New Training: Security Concepts
In this 10-video skill, CBT Nuggets trainer John Munjoma covers fundamental security concepts including common vulnerabilities and access control models. Watch this new Cisco training.
Watch the full course: Cisco Certified CyberOps Associate
This training includes:
54 minutes of training
You’ll learn these topics in this skill:
The CIA Triad
Comparing Security Deployments Part 1
Comparing Security Deployments Part 2
Describing Security Terms Part 1
Describing Security Terms Part 2
Comparing Security Concepts
The Principles of Defense In-Depth Strategy
Comparing Access Control Models
Common Vulnerability Scoring System
The 5 Tuple Isolation Approach and Data Visibility
How Do Access Control Models Work?
There are three different models for describing how to control access in your network. Understanding them can be easier when you imagine your network as a real, physical building.
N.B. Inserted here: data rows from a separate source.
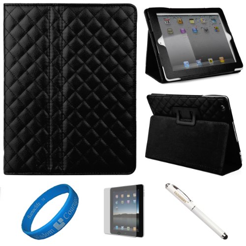 The Detailed Description of Black Quilted Diamond Design Leather Portfolio Case Cover with Integrated Fold to Stand Feature for Apple New iPad (iPad 3rd Generation) iPad 3 (16GB 32GB 64GB) and Apple iPad 2 + Anti Gloss Clear Screen Protector + Executive Laser Stylus Pen with LED Light + SumacLife TM Wisdom Courage WristbandFeatures
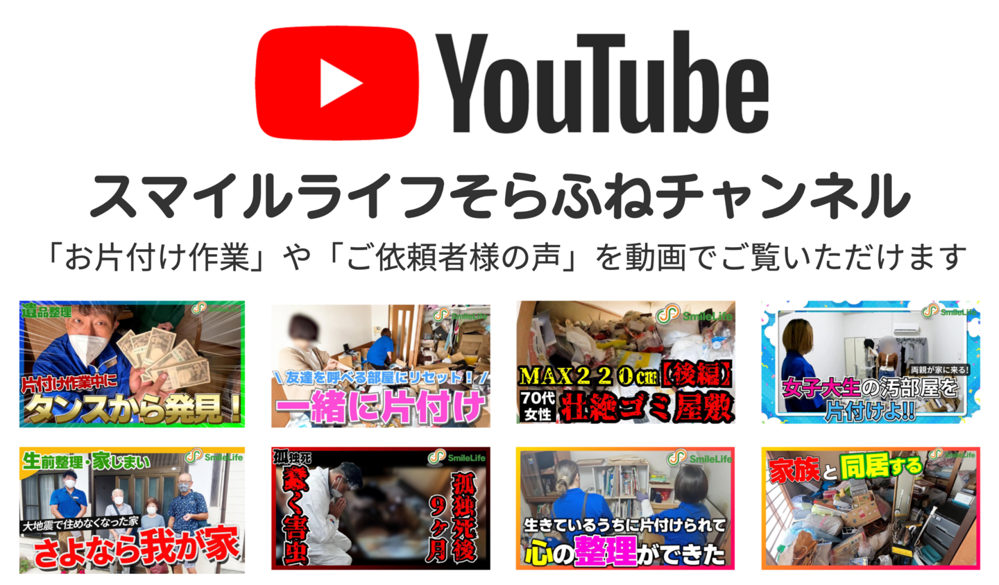 スマイルライフそらふねでは、個人の方からのご依頼の他に、企業・葬儀会社・銀行・不動産管理会社・行政より多くの特殊清掃・遺品整理のご相談を頂いております。
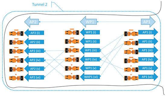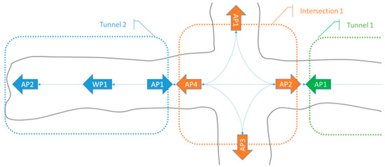 Between the first and second phases, several upgrades were made to the system in order to improve its robustness, consistency, and performance. The most important improvement was on the self-localization system, because the first batch of tests proved that the initial method (not described here) could not maintain the self-localization estimation along the test tunnel. Assisted tele-operation tests during the first phase were mainly used to tune the parameters of the Guidance module for the tunnel and intersection navigation modes (Equations (13), (14), (16), and (18)). Once the autonomous navigation was operating properly, further adjustments were made to all system’s parameters, including the parameters for the Command Executor module (Equations (20) and (21)). Parameters of the map were tuned, such as the maximum speed for certain segments of the tunnel, 2D poses of APs/WPs, and navigation modes for different parts of the tunnel.
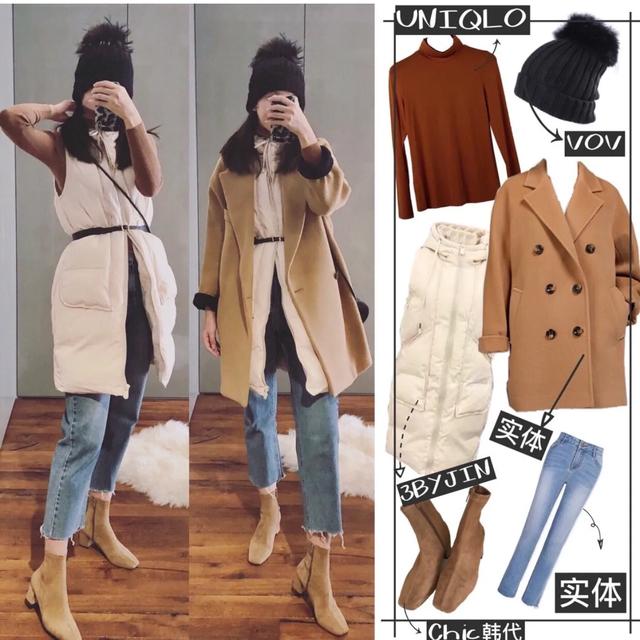 把羽绒马甲搭配在大衣里,保暖又美观,
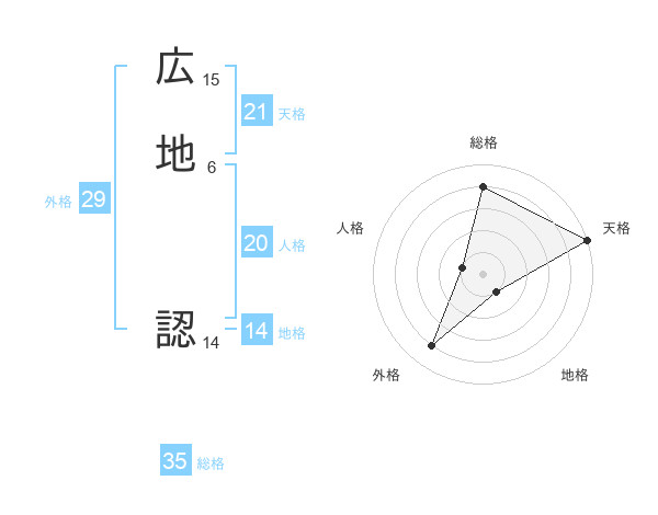 広地 認さんの総格は35画の4点!
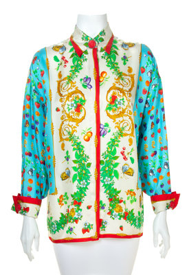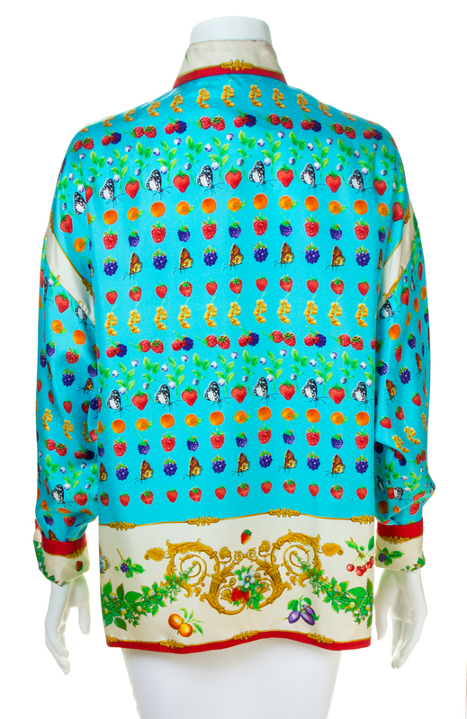 1995,with a fruit and butterfly pattern, decorative red Medusa embossed buttons at the top neck closure and cuffs and right side hidden button closure.Labeled: Gianni Versace Couture.

The first access control model is Discretionary Access Control (DAC). Imagine your computer network like a building, Discretionary Access Control would be like assigning every employee an office, and then telling them to hand out keys to their offices and filing cabinets. It’s up to each employee to decide who gets to come and go into their office and who can go into which drawers.
The second model is Role-Based Access Control. It starts with grouping everyone according to what work they do — finance, sales, IT, etc. Then, every door gets locked and managers and supervisors of each group are responsible for handing keys out to their team members — according to what rooms they might need to get into.
The last access control model is Mandatory Access Control (MAC). In our example, you’d still have employees grouped according to their job, and then you’d assign each room a security level plus a categorization of what sort of work relates to it. Then, you’d give each employee a security level. Each time an employee visits a room, a check gets done to confirm they have the right security level and work in the right category.
These are oversimplifications, but can help illustrate the different levels of effort each access control model requires from a cybersecurity perspective.